# LeetCode 453: Minimum Moves to Equal Array Elements

## Problem Restatement

We are given an integer array `nums`.

In one move, we can increment exactly `n - 1` elements by `1`, where `n` is the length of the array.

That means each move leaves one element unchanged and increases every other element.

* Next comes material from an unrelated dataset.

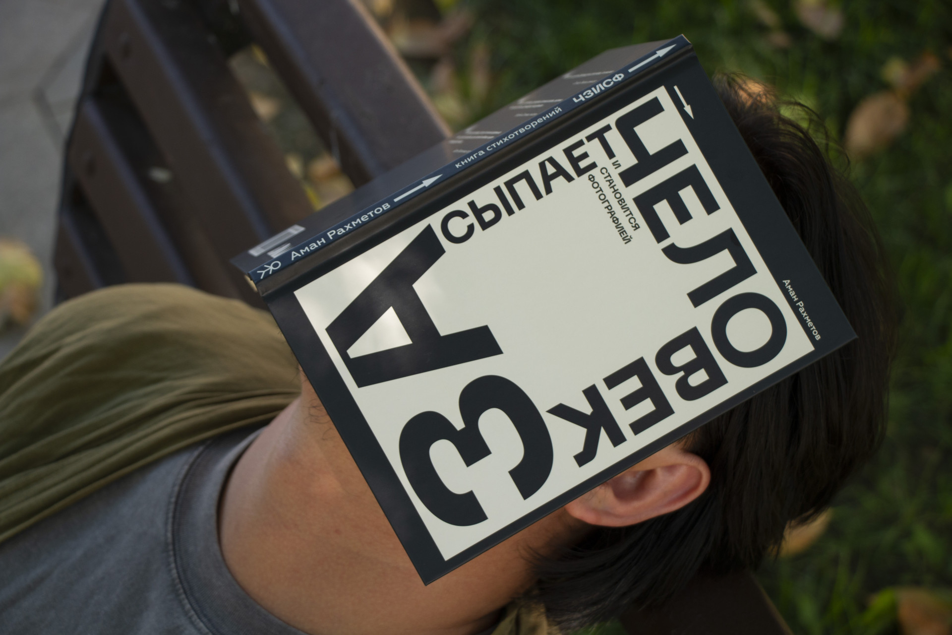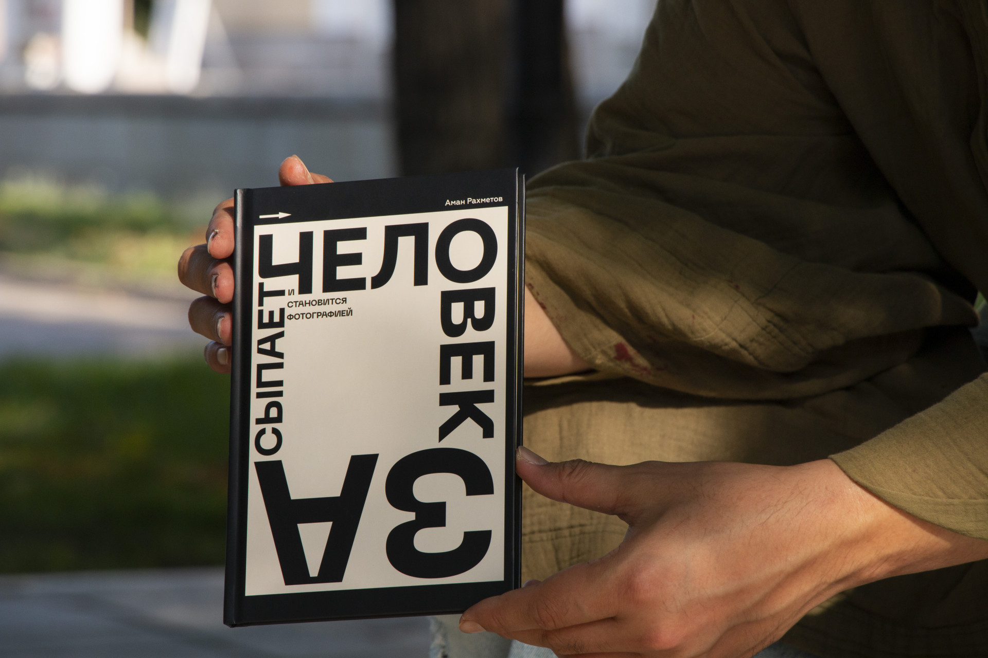 Мы остановились недалеко от Дома учёных на улице Уалиханова. Там Аман достал из рюкзака свою книгу "Человек засыпает и становится фотографией". Она издана на плотной бумаге, с жёлтым форзацем, в стильном и минималистичном дизайне — обложку рисовала художница Зоя Фалькова. Для него эта книга стала больше, чем собрание стихов: она собрала годы жизни, кризисов, поиска себя и своей формы.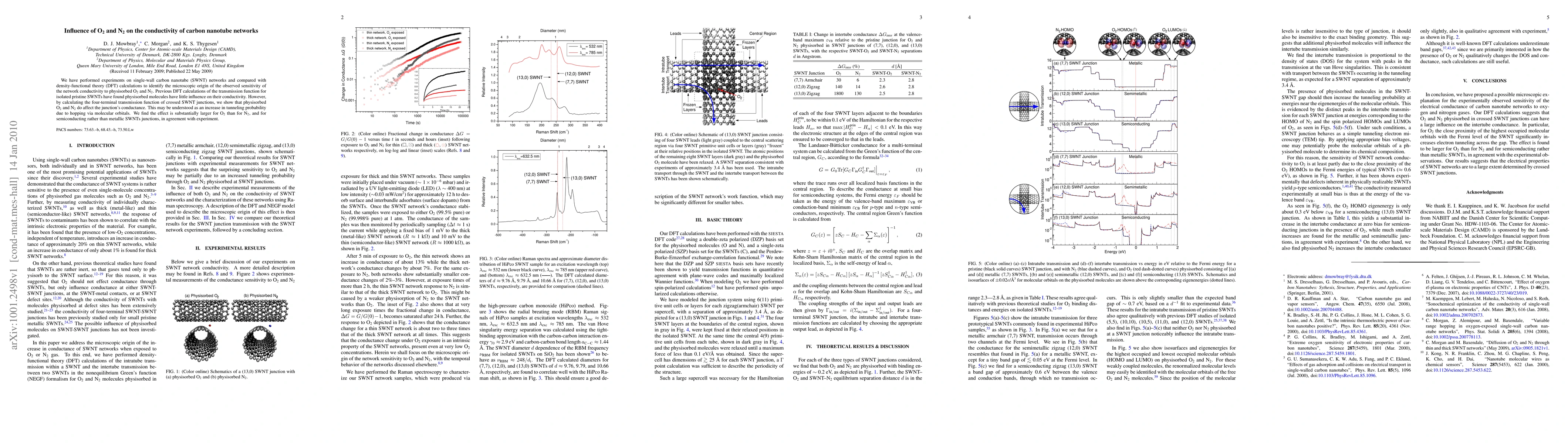 The research explores how oxygen (O2) and nitrogen (N2) molecules affect the conductivity of single-wall carbon nanotube (SWNT) networks. Using density-functional theory (DFT) calculations and experiments, it's found that these physisorbed gases significantly impact the conductance of SWNT junctions, especially for semiconducting nanotubes and oxygen molecules, due to increased tunneling probability via molecular orbitals.

We need to return the minimum number of moves required to make all elements equal. The official statement defines this move as incrementing `n - 1` elements by `1`.

For example:

```python
nums = [1, 2, 3]
```

One possible sequence is:

```python
[1, 2, 3]
[2, 3, 3]
[3, 4, 3]
[4, 4, 4]
```

So the answer is:

```python
3
```

## Input and Output

| Item | Meaning |
|---|---|
| Input | An integer array `nums` |
| Output | Minimum number of moves |
| Move | Increment exactly `n - 1` elements by `1` |
| Goal | Make every element equal |

Function shape:

```python
def minMoves(nums: list[int]) -> int:
    ...
```

## Examples

Example 1:

```python
nums = [1, 2, 3]
```

The answer is:

```python
3
```

Explanation:

```python
[1, 2, 3] -> [2, 3, 3]
[2, 3, 3] -> [3, 4, 3]
[3, 4, 3] -> [4, 4, 4]
```

Example 2:

```python
nums = [1, 1, 1]
```

All elements are already equal.

The answer is:

```python
0
```

Example 3:

```python
nums = [5, 6, 8]
```

The minimum element is `5`.

The differences from the minimum are:

```python
5 - 5 = 0
6 - 5 = 1
8 - 5 = 3
```

The answer is:

```python
0 + 1 + 3 = 4
```

## First Thought: Simulate the Moves

A direct idea is to repeatedly increment all elements except the current largest element.

For example:

```python
nums = [1, 2, 3]
```

The largest element is `3`, so increment the other two:

```python
[1, 2, 3] -> [2, 3, 3]
```

Then the largest element is still one of the `3`s, so increment the other two:

```python
[2, 3, 3] -> [3, 4, 3]
```

Then:

```python
[3, 4, 3] -> [4, 4, 4]
```

This gives the right answer for small arrays, but simulation is a poor solution.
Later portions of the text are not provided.